Humbard received his Bachelors of Science in microbiology from Arizona State University in 2003, and his PhD in microbiology and cell biology from the University of Florida in 2009. “My research focus was extremophiles – microorganisms that live in extreme environments,” explained Humbard. “After graduating, I took a position at National Cancer Institute in Bethesda, studying the molecular mechanisms of breast cancer and melanoma. Eventually, I moved to the FDA where I write and enforce regulations pertaining to diagnostic testing, focusing on things people would understand as blood tests.”
Roberts received his Bachelor’s in Science in biology-biomedical sciences with minors in chemistry and biochemistry from Montana State University, Bozeman, in 1993 and then his Masters in Science in Biomedical Sciences with a concentration in virology and molecular techniques from Hood College in 1999. An Army veteran, Roberts was stationed at the U.S. Army Medical Research Institute of Infectious Diseases (USAMRIID) as a Biological Sciences Assistant in the Rapid Diagnostic (RDx) Laboratory. “While there I was deployed twice – once to Saudi Arabia and Kuwait as part of a medical team performing serology testing on sick Warfighters,” explained Roberts. “We were looking for biothreat and endemic disease exposures [there] in 1994 and [then] to Bogota, Colombia for the 1995 Venezuelan equine encephalitis virus outbreak to train the Ministry of Health on our diagnostic testing methods. As part of my duties in the RDx lab I produced copious quantities of viruses for antigen and antibody production to develop further assay capabilities for the lab for things like Ebola, Lassa, and other infectious diseases in the biosafety level-3 and -4 suites. After my active service, I got into vaccine and drug development for biodefense and infectious diseases and have been doing that for 23 years. I’m currently a Life Sciences Program Manager at Leidos and oversee our Virtual Pharmaceutical program area. I have been involved with the recent novel coronavirus (SARS-CoV-2) and am overseeing development of an animal model and antiviral testing.”

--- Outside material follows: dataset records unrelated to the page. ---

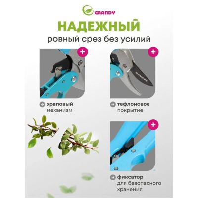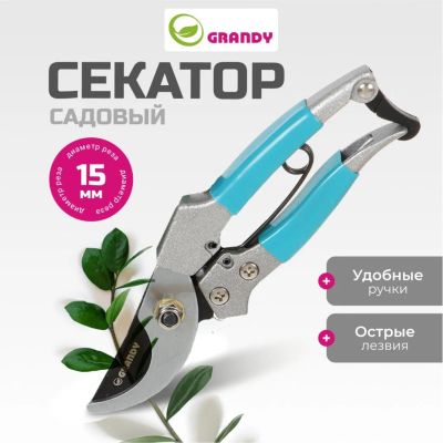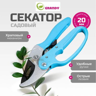 Секатор 200 мм, прямого реза, Grandy, с храповым механизмом, рукоятка металл, резина
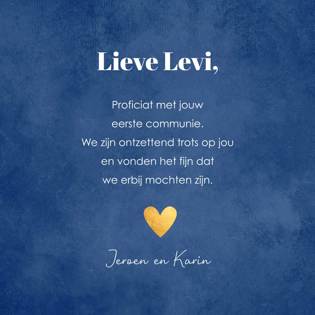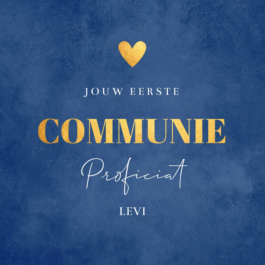 Communie felicitatie kaart voor een jongen blauw met goudlook hartje.
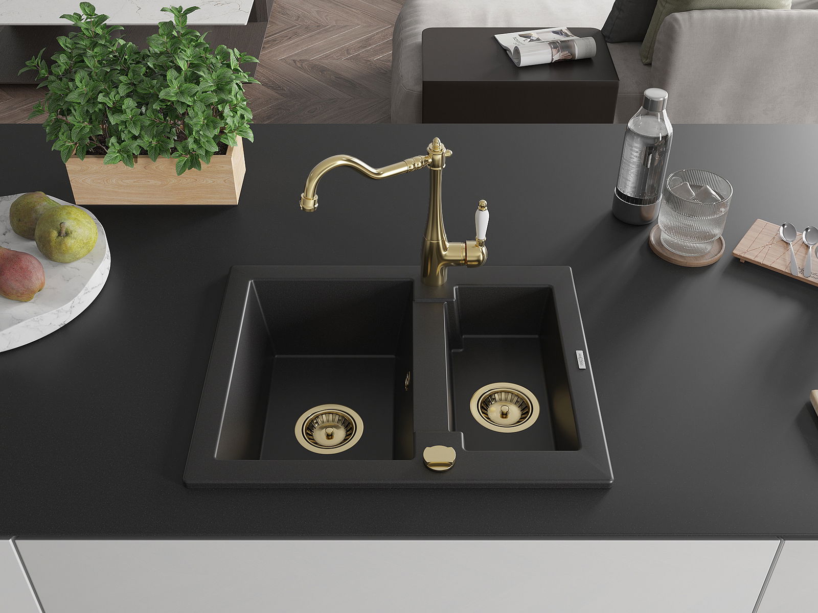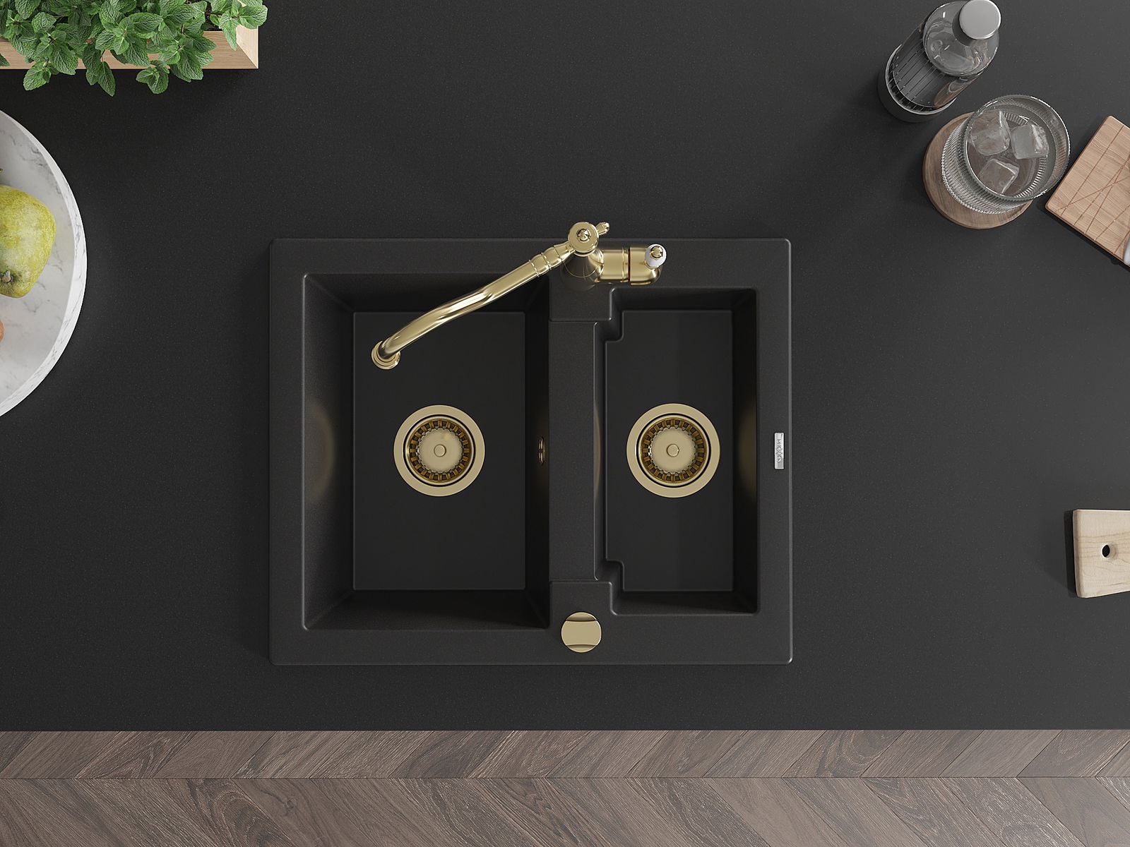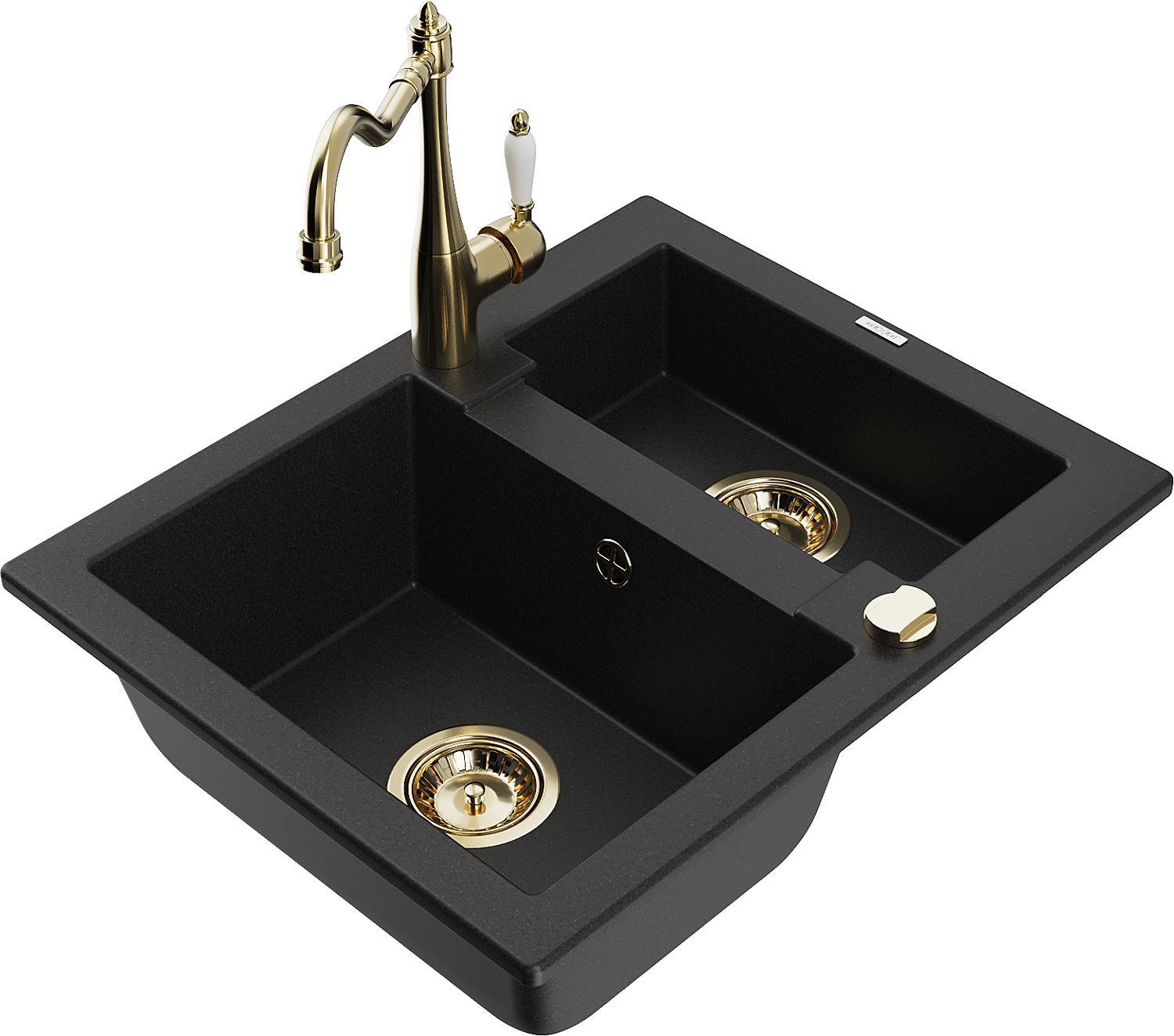 Mexen Carlos granitový drez 1,5-komorový s kuchynskou batériou Carla, čierny - 6518-77-670700-50

Humbard started homebrewing in the early 2000’s when he moved to Florida in order to attend graduate school. A native of the Southwest, he cut his teeth as a beer drinker knocking back beers like Stone IPA. “When I moved to Florida, it was a bit of a beer desert,” explained Humbard. “I decided that if I wanted to keep drinking West Coast IPAs – this wasn’t even the term at the time – I would have to brew them myself. So I started brewing and learned the hard way how to do everything.”
By the time Humbard moved to Maryland, he had, as he put it, a few hundred batches under his belt, and was looking for a new brewing challenge. “”I started writing more about beer and the science behind it and eventually started my blog, A Ph.D. In Beer,” said Humbard. “The goal there was to try and describe beer in the most molecular way possible. Eventually, I would start the brewery Handsome Beer Company with a partner. Handsome was a contract brewery and I like to describe it as beer graduate school. It was an expensive way to learn but I learned more about how the beer industry works in the 24 months Handsome was open than I had in the previous 15 years of brewing and reading about beer.”
After closing Handsome, Humbard realized that he really liked the science behind brewing beer, and was intent on continuing in the industry, and the concept of Patent Brewing was born. According to Humbard, “Patent is intended to be a lab with a brewery attached. A lab that can do experiments on yeast, bacteria and hops and provide those materials to other breweries through contracting or consulting. We’ve been providing yeast and other items to breweries for the last year.”
The quarantine has significantly slowed Humbard’s plans to build out and open Patent’s brewing facility. “A week before the quarantine we sent an offer on a space that we thought was close to perfect. But negotiations have stalled due to a lot of this,” he said. “We just don’t know what to do and on top of that I’m working on COVID response for Health & Human Services and don’t have any bandwidth left after doing that seven days a week and still filling orders for yeast to local breweries. I try to keep up but it is hard. I think we will have to return to negotiations shortly, probably [by mid-May]. but the overall effect is hitting the pause button for us. Patent opening a physical location is inevitable. But we no longer have a timeline.” But Humbard is still hoping to be able to open the brewery’s doors by sometime in 2021.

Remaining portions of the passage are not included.